1. “Black Women Are Getting Killed by Police, Too — So Why Aren’t More People Discussing It?
In Mic, Derrick Clifton calls for a consideration of gender in how we define and address state violence against black Americans. Clifton quotes Charlene Carruthers: “When we look at how police and state violence affects black women, it includes black women and girls getting killed. It also includes black women and girls being sexually assaulted, harassed and beaten by officers as well.”

2. “Stop judging poor moms. Bad policies hurt their kids — not bad parenting.
Joanne Samuel Goldblum, executive director of the National Diaper Bank Network, on the structural barriers low-income mothers face, and how the outcomes of those policies are used to shame and stigmatize mothers: “Diapers for one infant cost an average of $18 a week, or $936 a year. For parents with minimum-wage jobs, making $15,080 a year, diapers alone eat up about six percent of their paychecks. Meanwhile, public support has provided less and less help, even as diapers and other child-care prices have risen.”

3. “CDC HIV Prevention Funding Policy Is Hurting the Hard-Hit Southern U.S.
Carolyn McAllaster: “Nine Deep South states… account for only 28% of the U.S. population, but nearly 40% of national HIV diagnoses… those living with HIV in the Deep South states are dying at higher rates than in any other region of the country.

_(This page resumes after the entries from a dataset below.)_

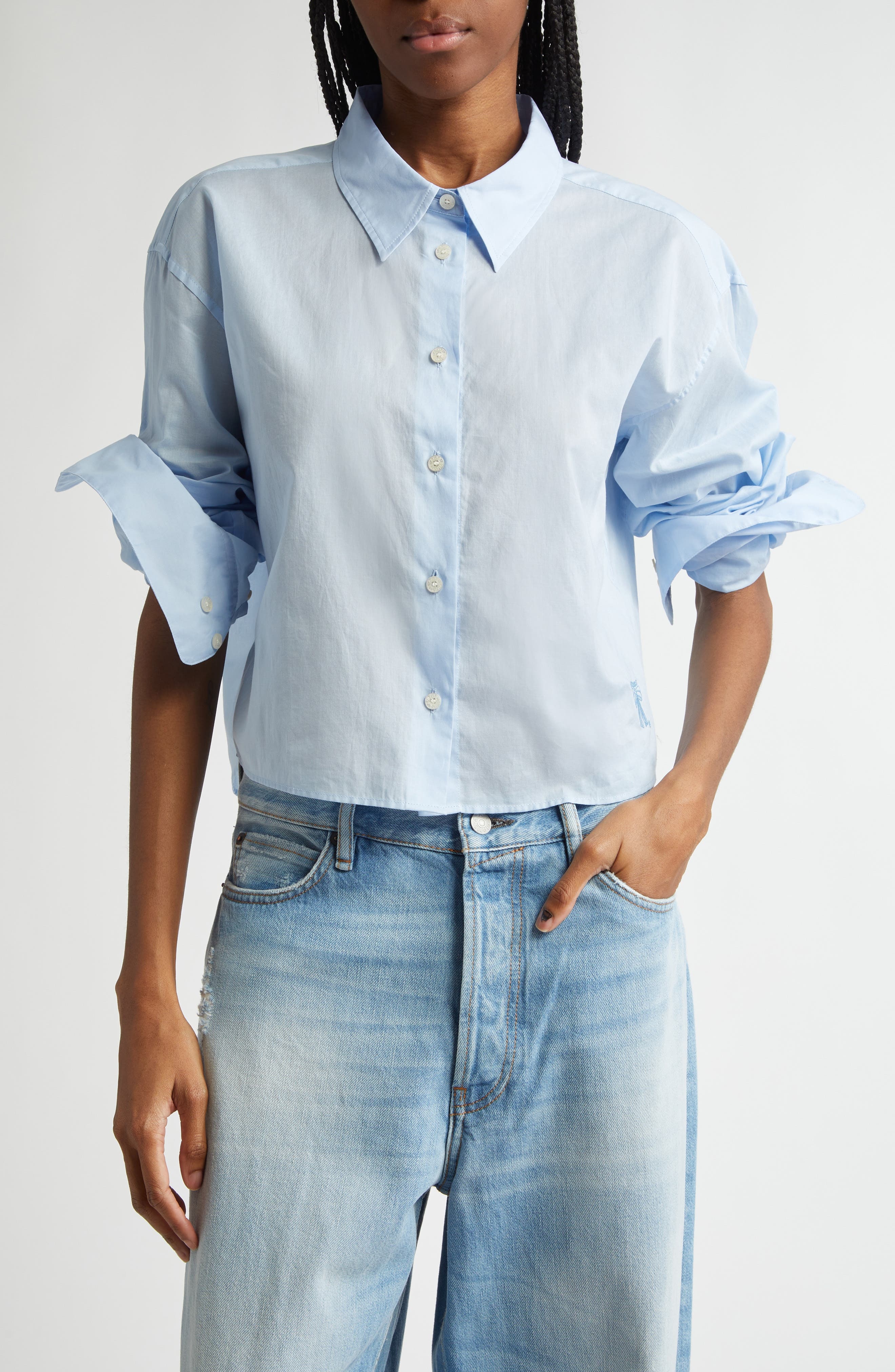 Acne Studios Satai Crop Cotton Voile Button-Up Shirt in Baby Blue Djy at Nordstrom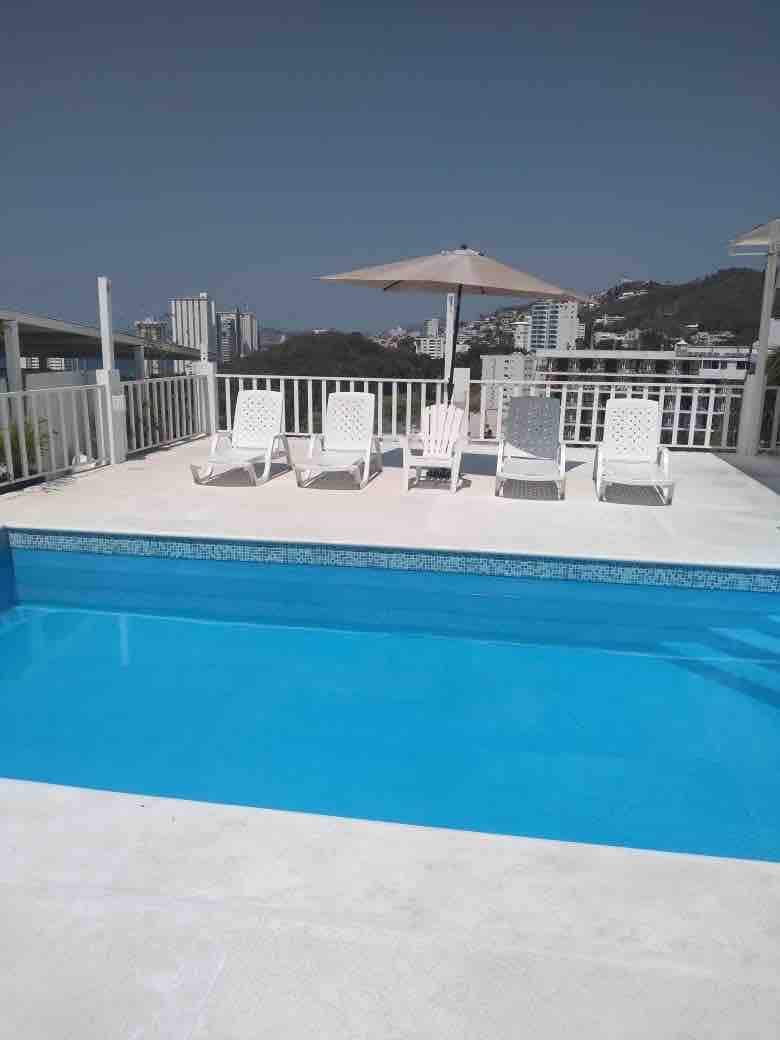 The apartment is a 3 bd 2 bth fully equipped with a kitchen, living room, bar area and balconies. The rooftop has a pool with a bathroom, lounge chairs, a table and electric connection. The building is in a safe and friendly neighborhood 4 blocks away from the Costera, where you can find a lot of restaurants, nightlife and stores walking distance. The beach access is really close so you can enjoy a day in the beach and watch one of the best sunsets in Acapulco.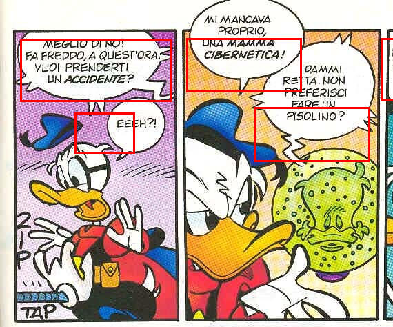 Note that these are translated from Italian (the original language of the comic), so some nuance is lost, but I hope you can get the gist of it anyway.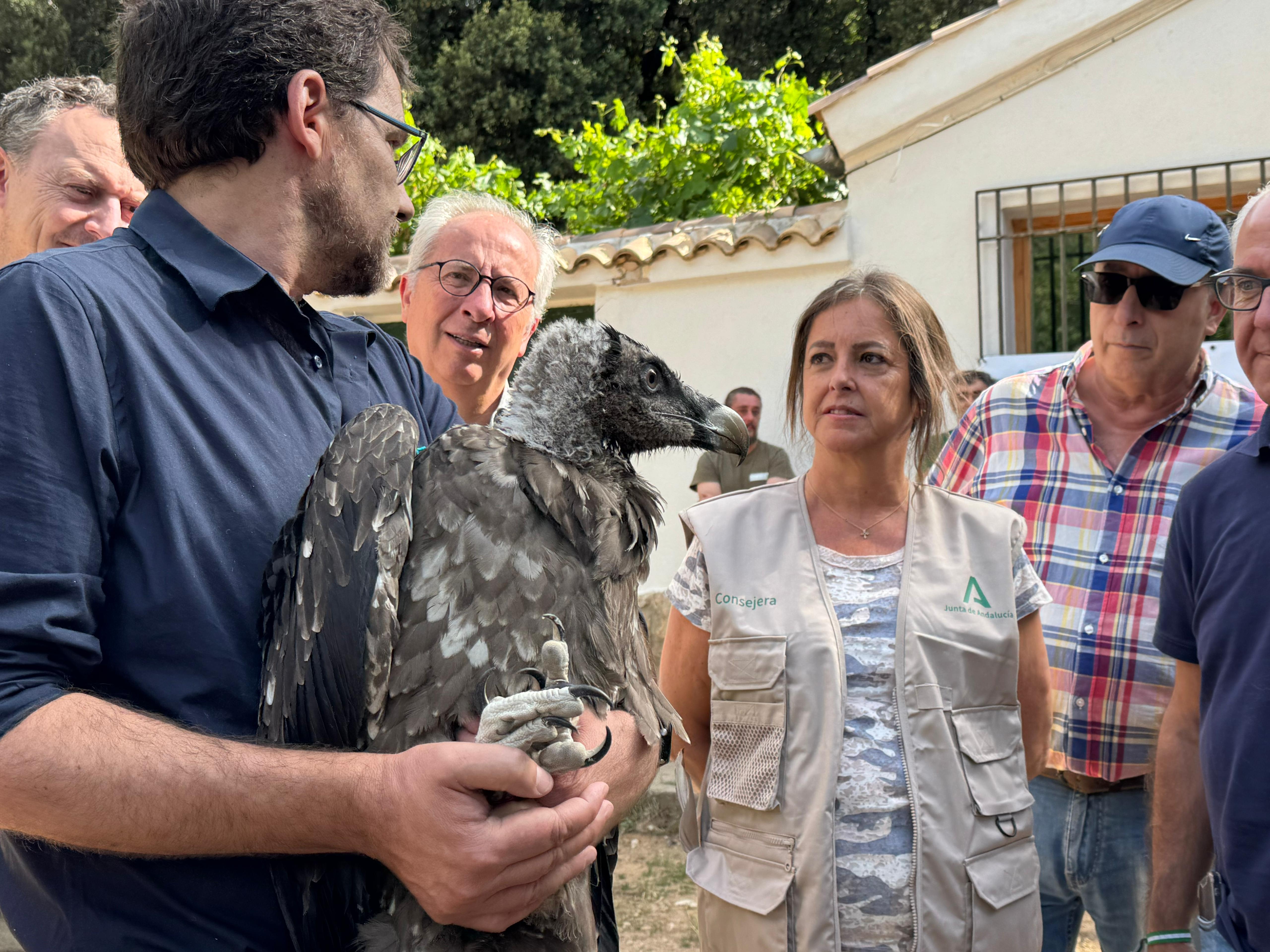 La consejera de Sostenibilidad y Medio Ambiente de la Junta de Andalucía, Catalina García, ha participado esta mañana en la preparación y suelta del último ejemplar de quebrantahuesos que se liberará esta temporada. Se trata de una hembra que procede del Pirineo aragonés y cuyo desarrollo ha tenido lugar en el Centro de Cría de Guadalentín, en el Parque Natural Sierras de Cazorla, Segura y Las Villas, que este lunes ha sido visitado por la consejera.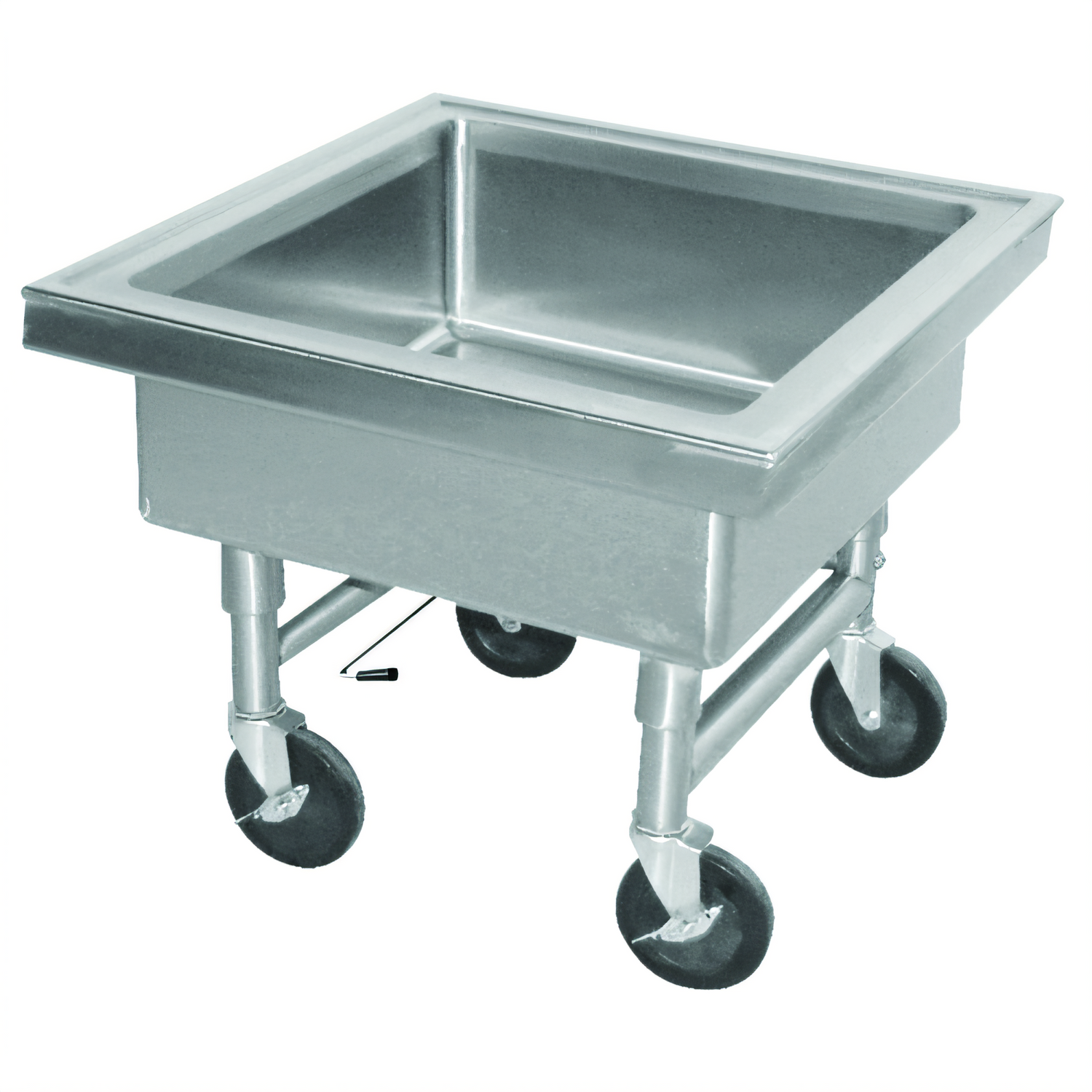 Special Value Soak Sink, portable, 20" working height, sink outlet fitted with quick-release drain, 22" x 22" x 8" deep fabricated sink compartment, stainless steel construction, casters, accommodates 19-3/4" x 19-3/4" dishwasher baskets (by others)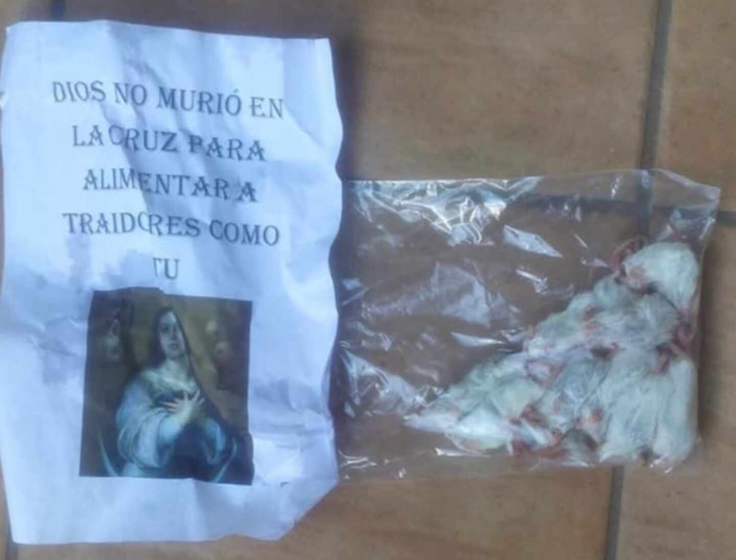 En concreto, se trata de tres bolsas de ratas junto a tres carteles con los siguientes mensajes: 'Dios no murió en la cruz para alimentar a traidores como tú', "España católica, apostólica y romana: fuera ratas protestantes y luteranas" y "Cristo, María Y España. Fuera ratas protestantes y luteranas'.

So why would the CDC choose to restrict eligibility for high-impact prevention funding for community based organizations to those located in designated large metropolitan statistical areas, even though much of the Southern epidemic is rural and suburban?”

4. “Remarks by the First Lady at Tuskegee University Commencement Address
First Lady Michelle Obama: “…as potentially the first African American First Lady, I was also the focus of another set of questions and speculations; conversations sometimes rooted in the fears and misperceptions of others. Was I too loud, or too angry, or too emasculating? (Applause.) Or was I too soft, too much of a mom, not enough of a career woman?”

5. “A closer look at income and race concentration in public schools
A recent study by the Southern Education Foundation found that in 2013, for the first time, over half of public school students were low-income. The Urban Institute mapped that data, finding that “Southern states like Louisiana, Mississippi, and Texas have the highest levels of students in low-income families attending public schools… a closer look reveals that large shares of low-income areas in the South are often rural.”

Book recommendation: “America in the King Years” trilogy by Taylor Branch. The third volume is being adapted into an HBO mini-series, with writers Ta-Nehisi Coates, James McBride, and David Simon.